You must understand the full cost of homeownership, as well as how to position yourself as an attractive borrower to lenders and sellers.
A strong borrower profile = better rates
Before you start browsing online listings, take a long look at your finances.
A good place to start is your credit score, as lenders typically want to see a score of at least 620. The best mortgage rates are reserved for borrowers with scores of 740 or higher. A lower rate will free up more of your monthly payment to go toward principal, which means you can afford a home with a higher sticker price.
A quick way to help your credit score is to request a free credit report and dispute any errors. Credit bureaus have up to 45 days to investigate and respond to your claims.
You’ll also want to consider your debt-to-income ratio, as it’s one of the key elements lenders consider when reviewing your loan application. Borrowers whose total debt exceeds 36% of their monthly income will find it harder to qualify for the best rates.

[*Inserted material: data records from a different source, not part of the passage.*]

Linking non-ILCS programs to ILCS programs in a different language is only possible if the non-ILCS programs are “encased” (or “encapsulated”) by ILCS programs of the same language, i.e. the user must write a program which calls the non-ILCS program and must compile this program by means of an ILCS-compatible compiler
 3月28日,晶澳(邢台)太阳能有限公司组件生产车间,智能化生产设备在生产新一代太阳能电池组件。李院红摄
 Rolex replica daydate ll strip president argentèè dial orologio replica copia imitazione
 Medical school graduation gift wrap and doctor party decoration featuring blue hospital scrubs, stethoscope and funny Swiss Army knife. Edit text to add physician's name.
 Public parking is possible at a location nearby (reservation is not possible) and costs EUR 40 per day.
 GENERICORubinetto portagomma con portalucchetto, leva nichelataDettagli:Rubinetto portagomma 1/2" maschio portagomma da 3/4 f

develop a realistic budget
According to the National Association of Realtors, the median home purchase price in December 2022 was $366,900. Beyond the price of the home, you’ll want to factor in the additional costs of home ownership. These include property taxes, utilities and homeowner’s insurance, as well as general costs of maintaining the home, such as upgrading appliances or replacing the water heater. If you’re shopping in a neighborhood with a homeowners association, keep those fees in mind as well. You will also need to account for closing costs, which typically range from 2% to 6% of the loan amount.

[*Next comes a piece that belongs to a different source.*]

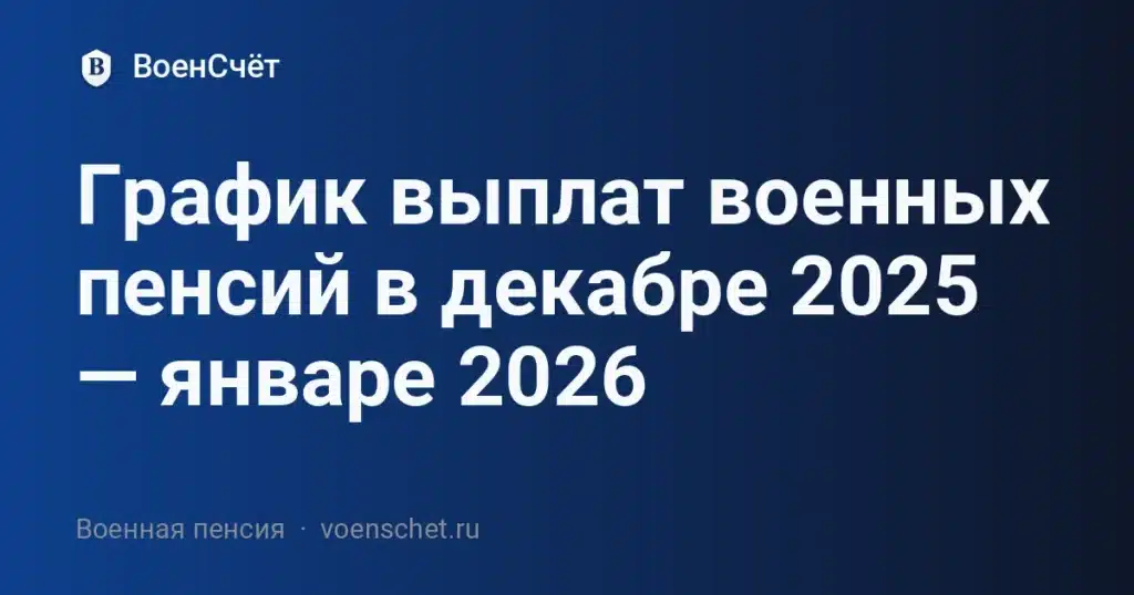 График выплат военных пенсий в декабре 2025 — январе 2026: в декабре пенсионеры силовых ведомств получают декабрьскую пенсию и досрочно январскую (через банки ориентировочно 22–29.12, через «Почту России» 25–30.12). В январе 2026 выплаты по обычному графику возобновляются после каникул, с первого рабочего дня. Ниже — точные ориентиры по банкам и доставке, ответы на вопросы о «двух пенсиях в декабре» и что делать, если ваша стандартная дата — после 11 января.

Don’t stretch your budget beyond what you can safely afford; Instead, turn to your list of criteria and start making cuts where possible. That ideal 36% debt-to-income ratio includes your home loan. Calculating your current monthly debt can give you an idea of how much of your remaining income you can comfortably use for mortgage payments.
get pre approved for a mortgage
Buyers “need to be prepared to hit the ground running” to take full advantage of the seasonal spike in available homes, says Coppola. New listings on its market go down by Memorial Day, when locals head to the beach. One way to prepare is to start reaching out to lenders to get pre-approved for a mortgage.
Mortgage pre-approval will benefit you in many ways during your home search. Gives you peace of mind by confirming that you qualify for the loan; This can help inform your budget; And, when you’re ready to make an offer, it will demonstrate that you’re serious and motivated to buy.
“A pre-approval letter sends a clear message to sellers that these are strong buyers,” says Jessica Schenkel of Sagan Harborside Sotheby’s International Realty in Swampscott, Massachusetts.
Shop around and apply for mortgage pre-approval from multiple lenders. This allows you to compare rate offers as well as any associated fees.
Build your winning team
“An important play is finding a Realtor who will represent your best interests in one of the largest and most important purchases you will make,” says Schenkel. “Not everyone is going to be a perfect fit.” Your agent will be an informed insider resource who can help you understand your particular market, including the challenges and competition it may face and where to look for homes within your budget.